Pembrolizumabe

O PEMBROLIZUMABE é uma medicação endovenosa da classe dos imunoterápicos (anti-PD1), cuja ação é estimular as células imunes (linfócitos T) e combater o tumor. Tem baixo índice de efeitos colaterais e pode ser usada isoladamente ou em combinação com quimioterapia. Atualmente possui aprovação para o tratamento de diversos tipos de tumores. Entretanto, ainda não está aprovado para o tratamento do câncer de mama.

PEMBROLIZUMABE

O que é o PEMBROLIZUMABE?
O PEMBROLIZUMABE é um anticorpo monoclonal, antineoplásico, que bloqueia a via do PD1, um receptor imunológico presente na superfície das células tumorais. Ao bloquear a ligação entre PD-1 e seus ligantes, o PEMBROLIZUMABE (anti-PD1) controla a ação do sistema imunológico do organismo, liberando os linfócitos T específicos para combater as células cancerígenas. Esse tipo de tratamento também é chamado de imunoterapia.

Qual o nome comercial e as formas de aplicação do PEMBROLIZUMABE?
O nome comercial original do PEMBROLIZUMABE é Keytruda®. O medicamento está disponível para o uso endovenoso, na apresentação de frasco-ampola com 100mg da droga. Não existem genéricos ou similares.

Quais são as indicações do PEMBROLIZUMABE?
Atualmente, o PEMBROLIZUMABE é indicado em bula brasileira para o tratamento de vários tipos de neoplasias, como melanoma, câncer de pulmão “não pequenas células”, carcinoma urotelial, câncer gástrico, linfoma de Hodgkin, carcinoma de células renais, câncer de cabeça e pescoço e câncer esofágico. Ainda não existe aprovação do PEMBROLIZUMABE para o tratamento do câncer de mama, mas existem muitos estudos em andamento.
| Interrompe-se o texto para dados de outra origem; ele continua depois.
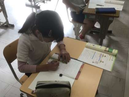 黒板に先生が描いた図を見ながら答えます。すらすら答えることができます。なかなか優秀です。
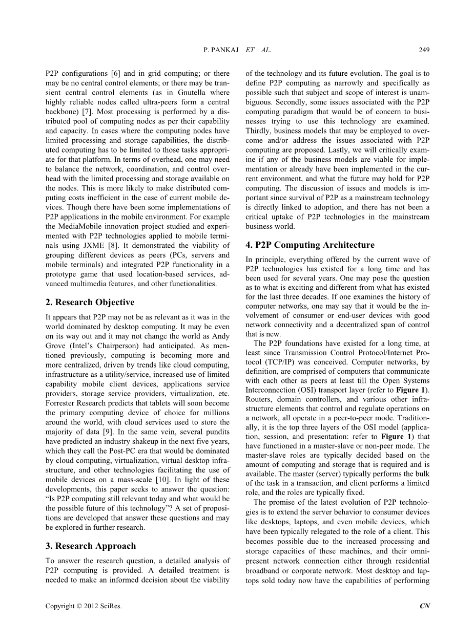 看来,P2P可能没有相关的,因为它是由桌面计算雄霸天下。这可能是即使在它的出路,这可能不会改变世界的安迪·格鲁夫(英特尔公司的主席)的预期。正如前面提到的,计算正在变得越来越集中,由像云计算,基础设施实用程序/服务,使用能力有限移动客户端设备的增加,应用服务提供商,存储服务提供商,虚拟化等Forrester Research的预测趋势的驱动该片剂将很快成为全世界数百万选择的主计算装置,具有用于存储多数数据的云服务[9]。本着同样的精神,一些专家们预测,在未来五年的行业改组,他们称之为后PC时代,将通过云计算,虚拟化,虚拟桌面基础设施和其他技术为主推进有关利用移动设备质量规模[10]。在这样的形势下,本文试图回答这样一个问题:“在今天P2P计算仍然是相关,这项技术未来可能会是什么”?一组命题都尝试回答这些问题,并可能在进一步的研究探讨。
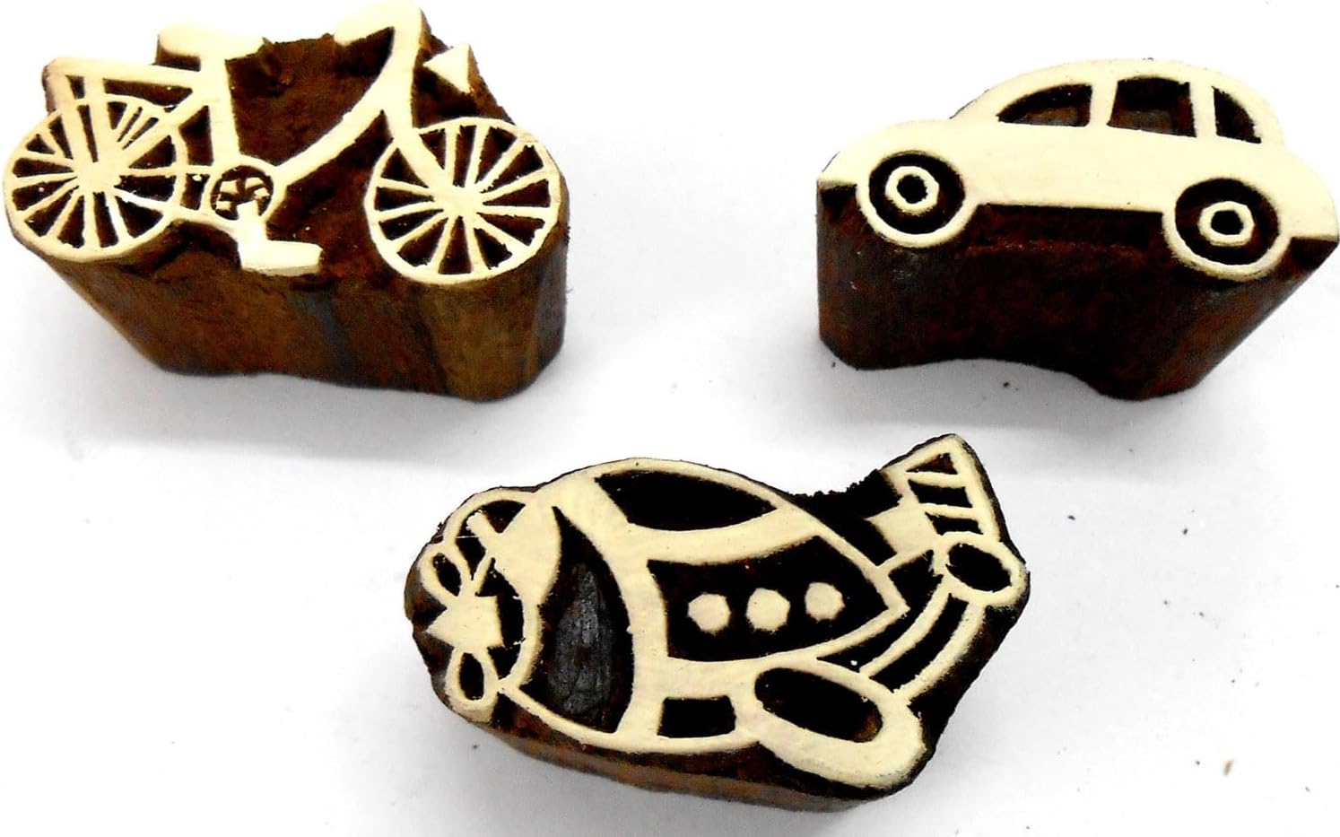 Car Bicycle Plane Wooden Blocks Stamps for Printing on Textiles, Pottery Crafts,Henna, Scrapbooking (Set of 3)

Quais são os principais efeitos colaterais do PEMBROLIZUMABE?
Por ser uma imunoterapia, o PEMBROLIZUMABE apresenta efeitos colaterais desencadeados pela ativação do sistema imunológico. Os eventos adversos mais comuns são fadiga, alteração na glândula da tireoide (hipo ou hipertireoidismo), alergia ou coceira na pele. As reações adversas que podem ser mais graves, mas que são menos comuns, são hepatite medicamentosa, inflamação do pulmão (pneumonite), inflamação do pâncreas (pancreatite), diarreia (colite) ou alterações neurológicas (encefalite, meningite, miastenia graves). A maioria delas, incluindo as reações graves, são resolvidas após a descontinuação do PEMBROLIZUMABE e com uso de tratamentos especializados. O tratamento com PEMBROLIZUMABE pode ser reiniciado após reavaliação médica e melhora dos sintomas.

CONCLUSÃO:
O PEMBROLIZUMABE é uma medicação da classe dos imunoterápicos que ativam o sistema imune para combate o câncer. Hoje possui diversas aprovações no cenário do tratamento das neoplasias, mas ainda não está aprovado para o tratamento do câncer de mama. Apesar de ser uma medicação relativamente segura, podem existir efeitos colaterais graves e seu uso só deve ser feito após prescrição médica.


Autor:

Dr. Ormando Rodrigues Campos Júnior – CRM CE 5665
Oncologista Clínico e Diretor da Pronutrir Oncologia, Fortaleza – Ceará.